Terceiro, porque, nessas condições, o socialismo atuava sobre o imaginário coletivo como força unificada, enquanto quaisquer outras doutrinas se esfarelavam e se despersonalizavam numa poeira confusa de diferenças dificilmente abarcáveis pelo olhar do cidadão comum. (E quando o socialismo pós-URSS abandonou até suas pretensões de formulação doutrinal explícita, reduzindo-se a um mero sistema de estimulações emocionais, a coisa tornou-se ainda mais fácil.)

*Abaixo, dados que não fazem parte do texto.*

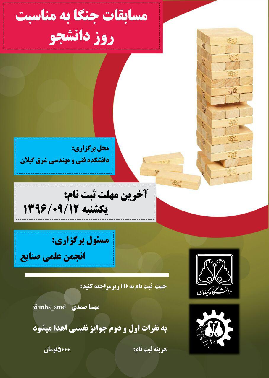 به همت تشکل های دانشجویی فعال در دانشکده فنی شرق گیلان به مناسبت گرامی داشت روز دانشجو، مراسمی با حضور پرشور دانشجویان آذر ماه 96 در این دانشکده برگزار شد. ـ مسابقات بازی های رایانه ای توسط انجمن های علمی عمران و کامپیوتر -مسابقه جِنگا توسط انجمن علمی صنایع - مسابقه دارت توسط بسیج دانشجویی - مسابقه پانتومیم توسط کانون شعر و ادب - محفل شعر خوانی و موسیقی با مشارکت کانون شعر و ادب و کانون موسیقی شرق - جلسه تقدیر و اهدا جوایز با حضور مسئولین دانشکده
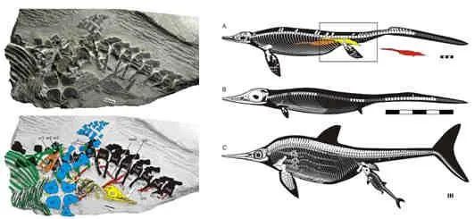 这一发现不仅突显了正在分娩的鱼龙的罕见性,而且解开了关于早期海生爬行动物繁殖方式的谜团,从而进一步证明,初期下海的鱼龙采用的是胎生方式,而非卵生。这也表明,动物在适应海洋生活的演化过程中,可能经历了一种突变而非渐变的趋势。
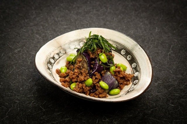 油と相性の良い茄子を素揚げし、濃口醤油をベースに甘辛く炒めた大豆ミートのそぼろと和えました。彩りに鮮やかな黄緑色の枝豆をあしらい、さりげなく❝親子大豆共演❞を果たしています。
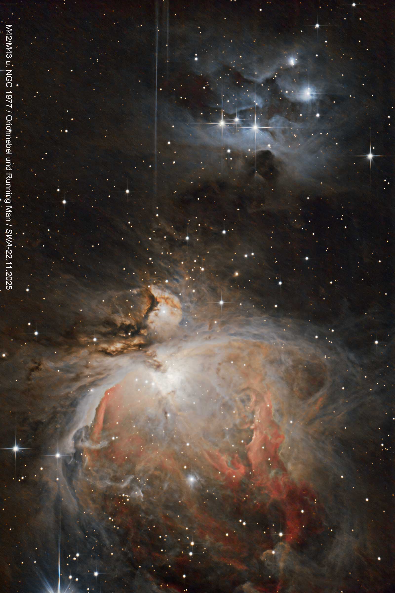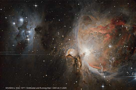 | Jens Seidel - M42 Großer Orionnebel und NGC 1977 Running-Man-Nebel Canon EOS-600d(a), Skywatcher-Newton-200/1000 auf NEQ-5, Autoguiding PHD2 Gesamtbelichtungszeit: 47min ISO-1600 Bearbeitung: Siril, GraXpert, AstroDenoise, Gimp Für größere Ansicht das Bild oben anklicken... Hier Vergrößerung 90 Grad gedreht... |
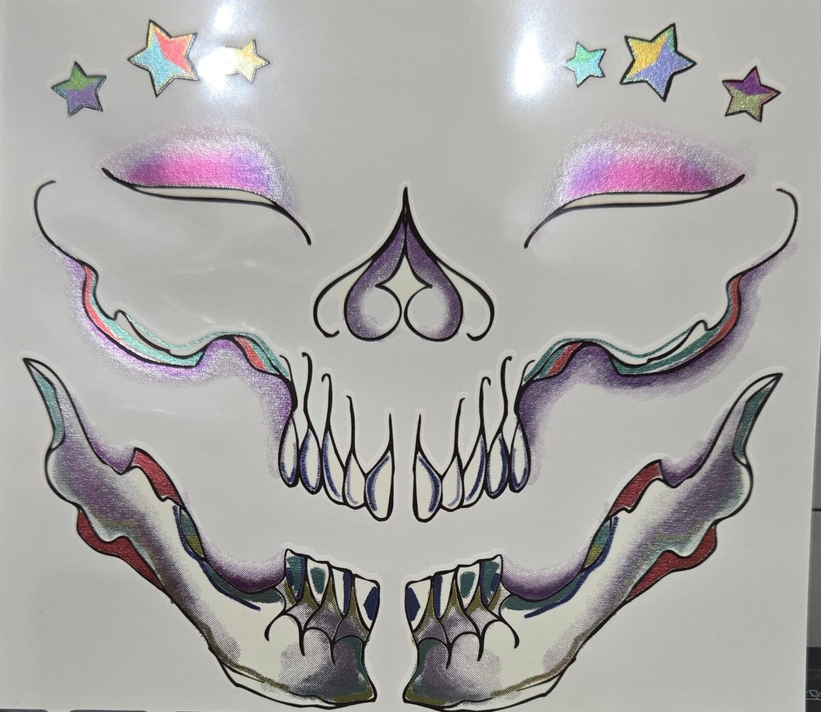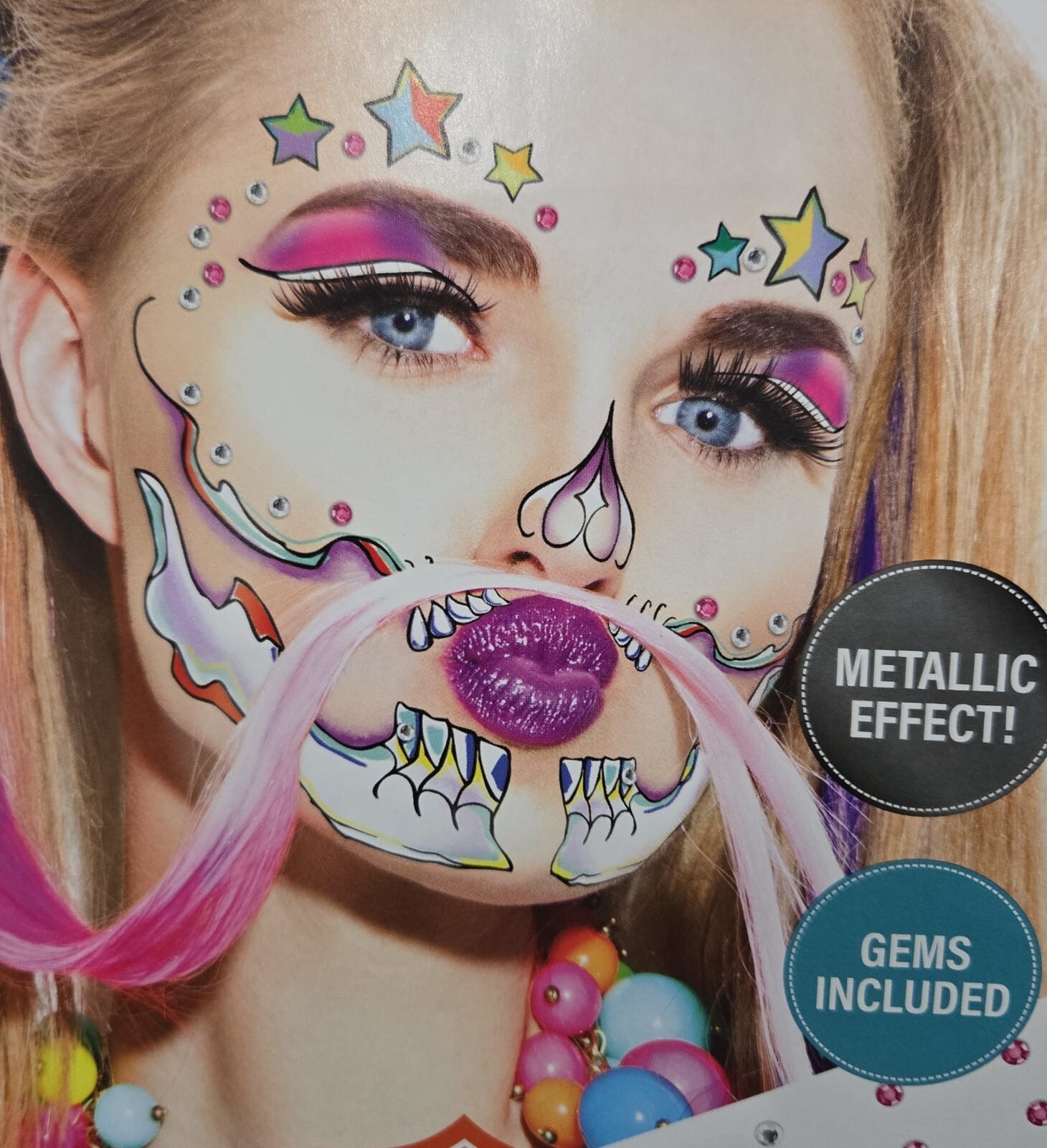 как выглядит Metallic Rainbow and Stars Glam Skull Costume Face Tattoos With Gems. 2 sheets, фото
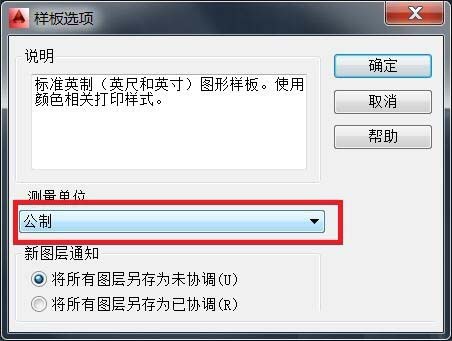 6、这时会弹出一个菜单---选择模板的单位---确定--然后关闭文件
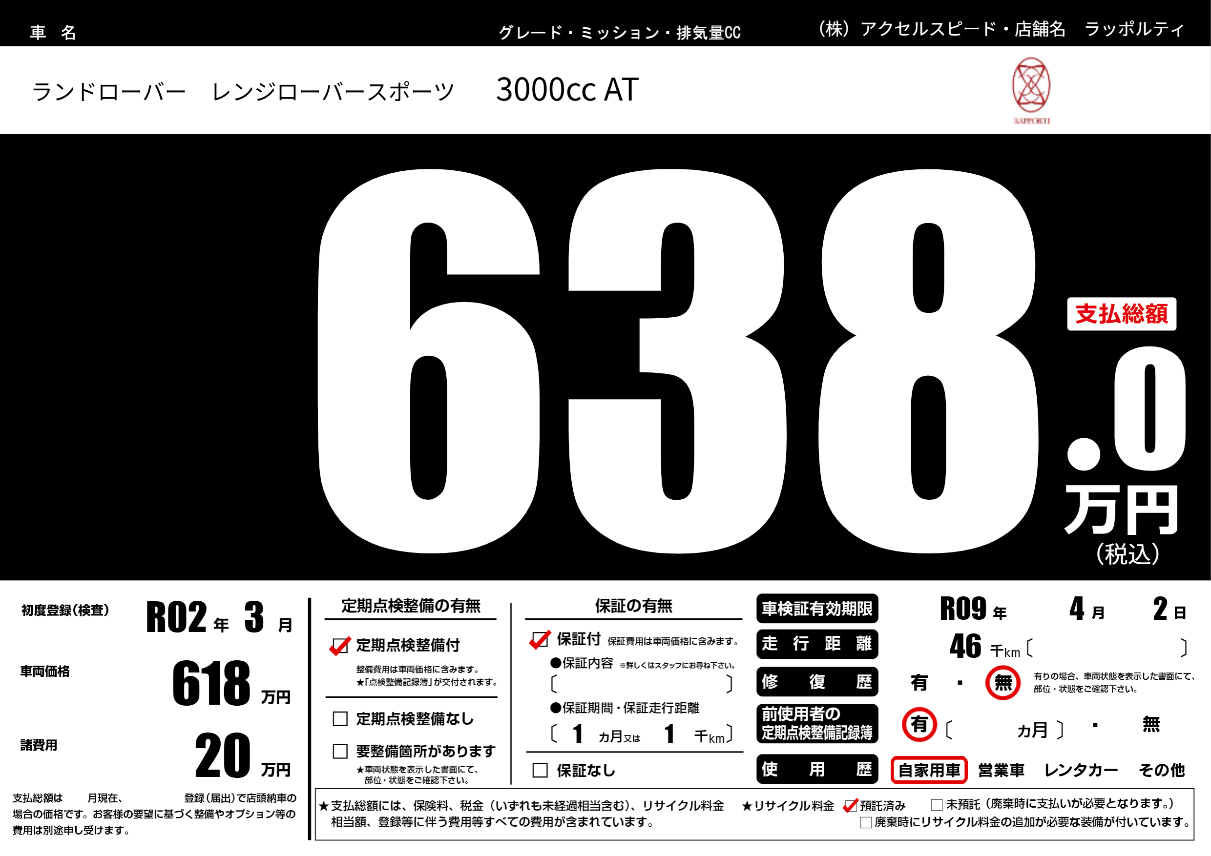 | 車名 | ランドローバー レンジローバースポーツ | グレード ミッション 排気量 |
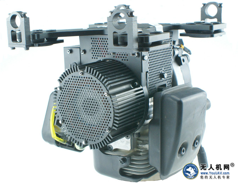 无人机搭载H2油电混合动力系统,使用汽油转化为直流电直接输出,做为电池动力替代者,可以方便便捷地挂载在多旋翼无人机及固定翼无人机上。该系统为无人机在测绘、巡检、军警、救灾等领域的使用大大提高了航时,成倍提高无人机作业效率,使无人机在工业上的使用更为实用便捷。电动多旋翼无人机凭借简单灵活的操控和极高的性价比已经成为工业级无人机的主选机型,但是实际应用中受困于电池能量密度的弱点,造成航时太短难以推广。

Quarto, porque o socialismo podia prevalecer-se do relativo desconhecimento das demais doutrinas para impor, mediante autoprojeção inversa, a crença de que todas elas eram também meros instrumentos de luta política, só que com finalidades opostas às suas. Sendo as metas autoproclamadas do movimento socialista a justiça, a paz e o bem, todas as demais doutrinas tornavam-se instrumentos da injustiça, da guerra e do mal. Por meio dessa gigantesca fraude os porta-vozes do socialismo puderam assim desmoralizar como instrumentos militantes da “ideologia burguesa” até mesmo as doutrinas científicas mais rigorosas, mais objetivas e mais alheias a qualquer ambição política. Quando a evidente boa-fé e o rigor intelectual de um autor viesse a tornar inverossímil a acusação de que suas obras fossem uma apologia da exploração do homem pelo homem, restava sempre a possibilidade apelar ao subterfúgio de que nesse caso em particular as intenções maquiavélicas eram inconscientes ou estavam encobertas por um véu de “falsa consciência”.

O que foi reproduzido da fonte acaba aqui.